Aparte del relevo en la presidencia, la junta incorpora
como vicepresidenta a Eva Madrid, directora de la finca
La Maraña, y a dos jóvenes socios, Antonio
Jiménez y Juan Pedro García.
José Madrid, el nuevo presidente, se ha marcado
como objetivo para la campaña 2006/2007 una producción
de 78.025.000 kilos de hortalizas y frutas. De este volumen
destacan el pimiento california (22.000.000 kilos), cítricos
(19.325.000 kilos), melones (8.000.000 kilos) apio verde
(7.795.000 kilos), lechuga iceberg (5.070.000 kilos) y alcachofa
(4.250.000 kilos). El resto se reparte entre variedades
nuevas de lechuga (little gem, por ejemplo), brócoli,
coliflor, coles y un largo etcétera.
Como novedad, San Cayetano ha programado la producción
de determinadas hortalizas, como espinacas, lollo rosso
e hinojo, a petición expresa de clientes concretos
(sobre todo, cadenas de supermercados).
«El reto no es ya cultivar primero y luego buscar
los clientes, sino cultivar aquello que los clientes piden»,
explica José Madrid.
«También estamos planteándonos -añade
el nuevo presidente- ampliar nuestra gama de productos manipulados
con la incorporación de cítricos, puesto que
nuestros socios ya acumulan una producción cercana
a los treinta millones de kilos, con unas plantaciones jóvenes
que irán aumentando». Para ello se prevé
la construcción de una nueva nave y la adquisición
de maquinaria para calibrado, selección y enmallado,
lo que requerirá una inversión de entre 6
y 7 millones de euros.
Respecto al plan de inversiones del presente año,
San Cayetano dedicará 1.700.000 euros a la mejora
de las fincas de los socios y otros 700.000 euros a infraestructuras,
sistemas de calidad y canales de comercialización.
José Madrid es consciente de que el panorama dista
de ser favorable debido a la escasez de agua, la concentración
de la demanda «y a la política europea de puertas
abiertas para todo y para todos los países, sin tener
en cuenta las producciones que disponemos los socios de
la UE».
«Nosotros -indica- vamos a intentar superar estas
dificultades aprovechando hasta la última gota. ¿Cómo?
Pues usando la más alta tecnología en fertirrigación;
trabajando con la maquinaria más eficiente, tanto
en campo como en almacén; concentrando la oferta
y, por supuesto, vendiendo lo mejor que tenemos, que es
la calidad de nuestros productos, garantizando una trazabilidad
y una seguridad alimentaria difíciles de igualar».
Recuerda que el 100% de los invernaderos de los socios emplea
control biológico de plagas y que el 100% de las
fincas utilizan métodos de producción integrada.
Otra baza de San Cayetano es su ampliada capacidad de preempaquetado
que le permite comercializar hasta el 80% de la producción
en mallas, bandejas, flow packs y paquetes en segunda piel
(al vacío).
Pero su mayor confianza reside en los jóvenes socios
que se han incorporando en los últimos años.
De hecho, media docena de ellos van a formar parte de cuatro
comisiones gestoras: cultivos al aire libre, invernaderos,
cítricos y economía.
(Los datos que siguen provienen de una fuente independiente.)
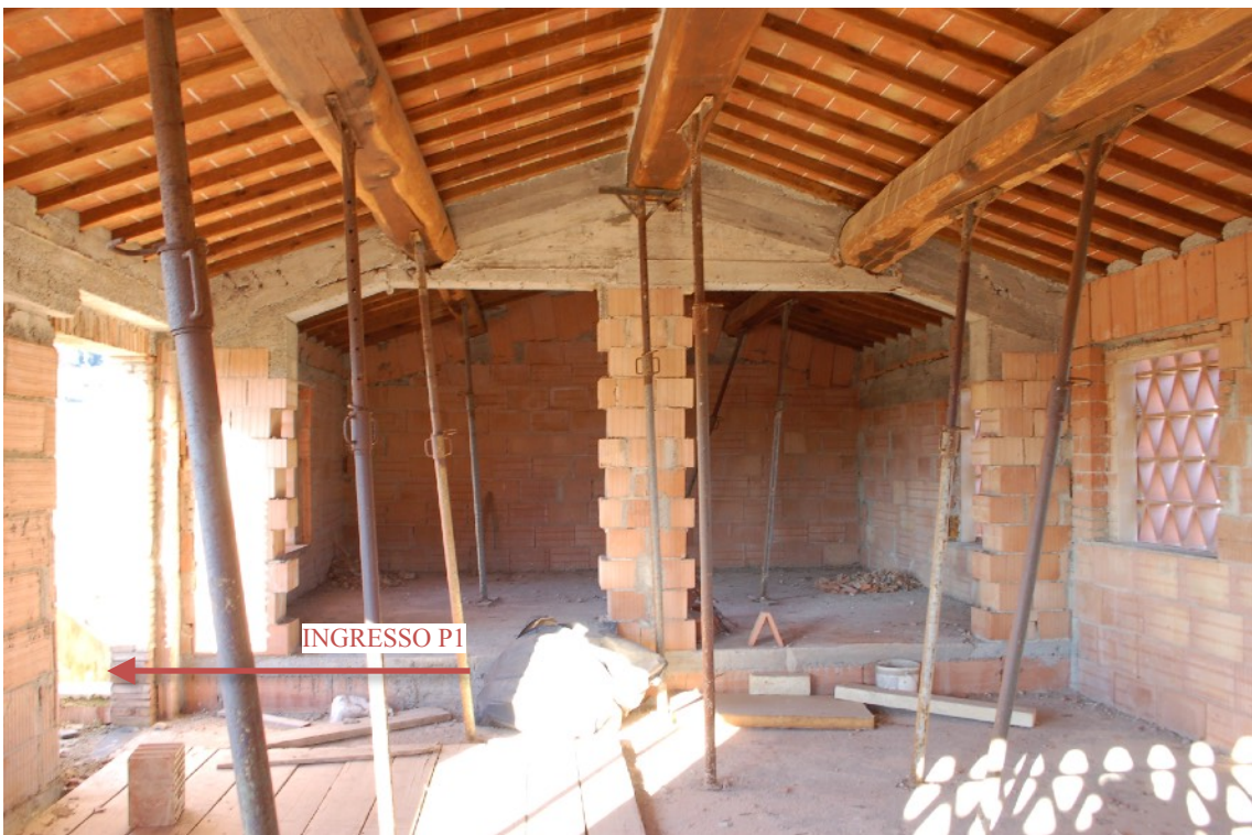
13) Fabbricato B (Ex Fienile) interni P1
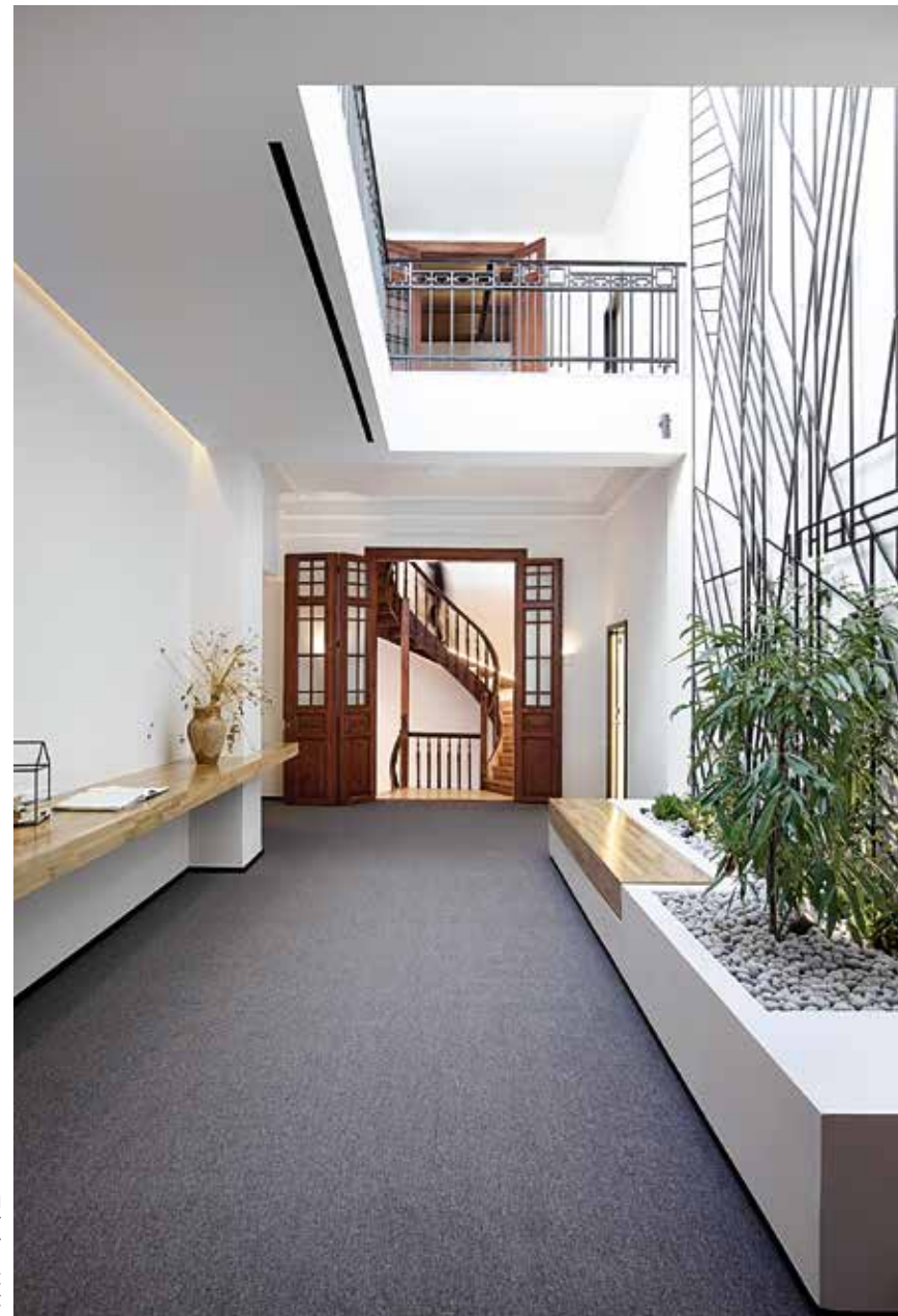
ΑΠΟΨΗ ΤΟΥ ΕΣΩΤΕΡΙΚΟΥ ΑΙΘΡΙΟΥ ΚΑΙ ΤΟΥ ΚΛΙΜΑΚΟΣΤΑΣΙΟΥ.

Es el caso de José
Amalio Madrid, de 26 años; de Ángel Garre,
de 28 años; de Fabián Sánchez, de 27,
y de Carlos Pérez, de 29 años.
Podían haber elegido otra profesión pero
optaron por seguir los pasos de sus padres e ingresar como
socios en San Cayetano. Todos ellos cuentan con titulación
o capacitación para su profesión.
Dentro de las citadas comisiones gestoras, su cometido
será verificar la programación de los cultivos
y los criterios de calidad marcados, que no son pocos. San
Cayetano cumple con casi todos los principales protocolos
de buenas prácticas agrícolas, calidad y seguridad
alimentaria existentes y está en trámites
de adherirse al ISO 14.000 en materia de medio ambiente.
«La inclusión de estos jóvenes responde
a nuestra política de procurar que gran parte de
los socios participen en la toma de decisiones y en labores
de gestión», resalta José Madrid. San
Cayetano también mantiene sus puertas abiertas a
la entrada de más productores. Este año espera
incorporar a diez más, que permitirán aumentar
la producción en dos millones de kilos.
El 75% de las ventas de la SAT San Cayetano van para la
exportación, bajo la marca Alpi (aunque también
utiliza las de Veroa, Kordial y Spasur).
Los principales clientes son Alemania, Reino Unido y Francia,
seguidos de Austria, Holanda e Italia. Pero se sigue buscando
nuevos clientes. Uno de sus objetivos más ambiciosos
es exportar hortalizas a Canadá en contenedores frigoríficos,
así como ampliar mercado en Polonia, Hungría,
Lituania, Letonia y Estonia.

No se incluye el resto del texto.